I went back and forth about this prompt and how to photography it. My daughter DJ was like “take a photo of the dancing lady and your hops – that show friendship as the hops wrap around her for support – and she is happy to give it – and all.” I had taken a few other photos – then did her suggestion. Why not, I mean, I could not capture anything else.
Fuck.
How sad is that?
A couple of weeks ago, I captured the rugby guys in a moment where they epitomized friendship. I could have used that and no one would know.
I have picts of the dogs getting along as friends.
I have picts of the cats (before they died) getting along as friends.

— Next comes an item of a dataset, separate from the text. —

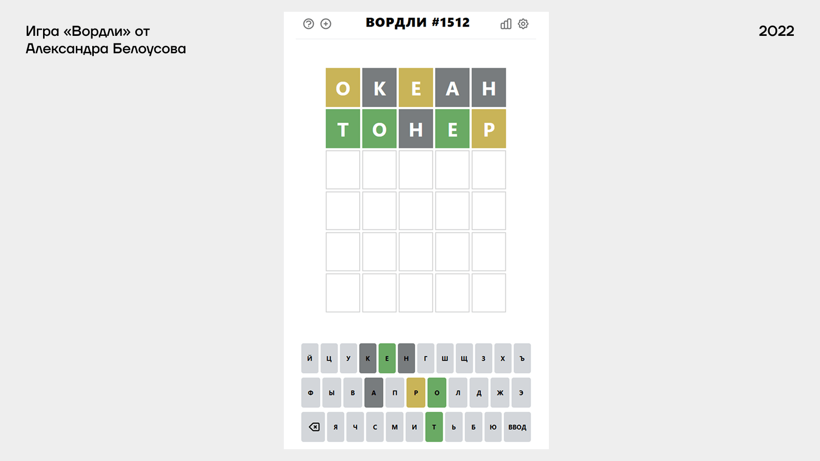 Секрет успеха кроется в простоте правил и ограниченном доступе. Нужно угадать всего одно слово в день, что делает игру интуитивно понятной, доступной для широкой аудитории и формирует привычку возвращаться к ней регулярно.

But true friendship…..it alluded me.
Reality is – I have few friends. A few of you really can include yourself in that group and without my objections. To have friends is to be vulnerable and honest and true – and I was raised to be honest and true and strong (aka not vulnerable). For the few I have met that have led me to “drop my wall” – they have seen and appreciated who I am. That person is hard to be because there is too much risk – too much vulnerability. I feel like a cat showing it’s belly. I want it scritched but don’t because that is a risk I’m scared to take. So, I bite.
Maybe what doesn’t help is the election results tonight. I will never claim to be “with her” but I know for sure I will never be “with him”. If making America great again means losing my rights and losing my influence, well, fuck that shit. I will not go quietly into that night – and for those who do, well, fuck you too.
So, I don’t know what I’m grateful for tonight.
For friends who feel the same way?
I guess.
I guess what I am sad for is having a friend to make me feel like it will be OK. Cause I don’t feel like itwill be. For me. Or for my girls.
Hard to feel grateful when feeling like I may have failed them.